WORK ITEM: Where the lines below hold images, skip those and copy every word exactly.

DATASET EXCERPT:
···

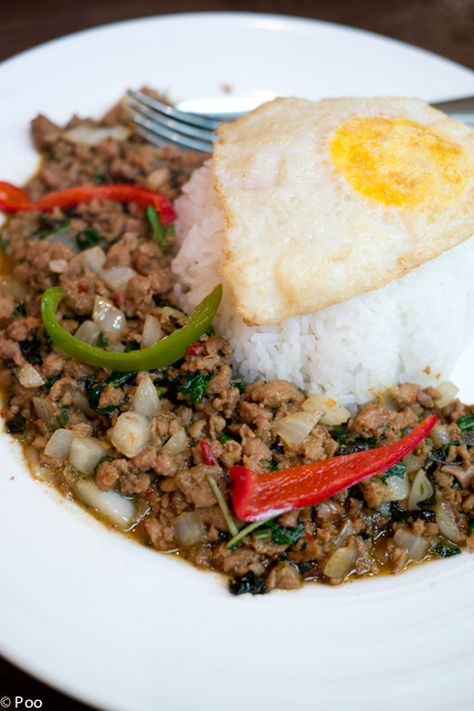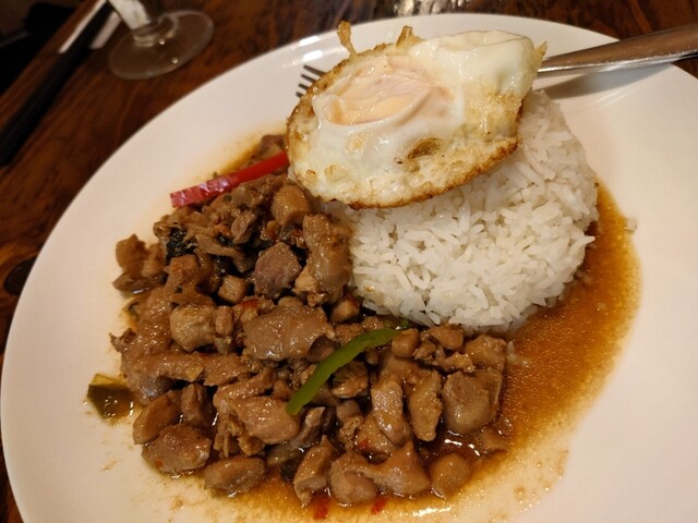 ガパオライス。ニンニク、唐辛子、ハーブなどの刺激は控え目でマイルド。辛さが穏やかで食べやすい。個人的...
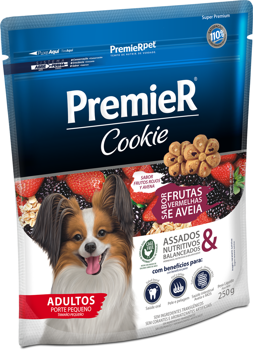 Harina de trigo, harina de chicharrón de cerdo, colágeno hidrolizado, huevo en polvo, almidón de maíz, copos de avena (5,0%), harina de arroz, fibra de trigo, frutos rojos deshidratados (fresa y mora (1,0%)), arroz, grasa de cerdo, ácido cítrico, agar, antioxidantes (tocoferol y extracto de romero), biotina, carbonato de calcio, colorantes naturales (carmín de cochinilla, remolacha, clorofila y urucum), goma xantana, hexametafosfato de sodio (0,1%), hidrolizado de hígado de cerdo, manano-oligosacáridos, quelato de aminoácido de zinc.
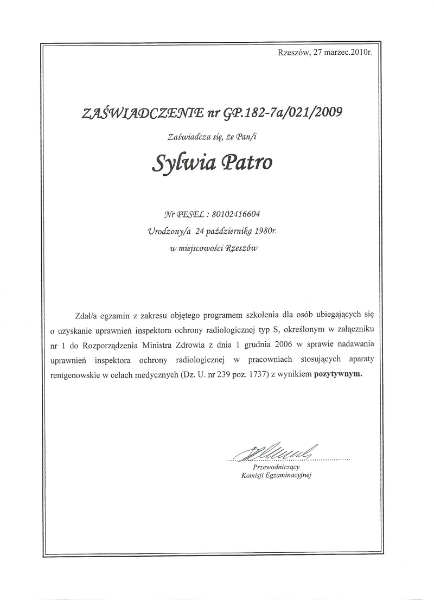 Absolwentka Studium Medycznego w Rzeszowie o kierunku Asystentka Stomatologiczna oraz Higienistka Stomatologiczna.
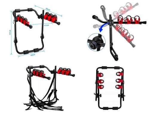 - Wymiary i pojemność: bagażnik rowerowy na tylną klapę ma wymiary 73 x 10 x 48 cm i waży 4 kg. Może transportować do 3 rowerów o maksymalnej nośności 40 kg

···

ANSWER AREA:
 ガパオライス。ニンニク、唐辛子、ハーブなどの刺激は控え目でマイルド。辛さが穏やかで食べやすい。個人的...
 Harina de trigo, harina de chicharrón de cerdo, colágeno hidrolizado, huevo en polvo, almidón de maíz, copos de avena (5,0%), harina de arroz, fibra de trigo, frutos rojos deshidratados (fresa y mora (1,0%)), arroz, grasa de cerdo, ácido cítrico, agar, antioxidantes (tocoferol y extracto de romero), biotina, carbonato de calcio, colorantes naturales (carmín de cochinilla, remolacha, clorofila y urucum), goma xantana, hexametafosfato de sodio (0,1%), hidrolizado de hígado de cerdo, manano-oligosacáridos, quelato de aminoácido de zinc.
 Absolwentka Studium Medycznego w Rzeszowie o kierunku Asystentka Stomatologiczna oraz Higienistka Stomatologiczna.
 - Wymiary i pojemność: bagażnik rowerowy na tylną klapę ma wymiary 73 x 10 x 48 cm i waży 4 kg. Może transportować do 3 rowerów o maksymalnej nośności 40 kg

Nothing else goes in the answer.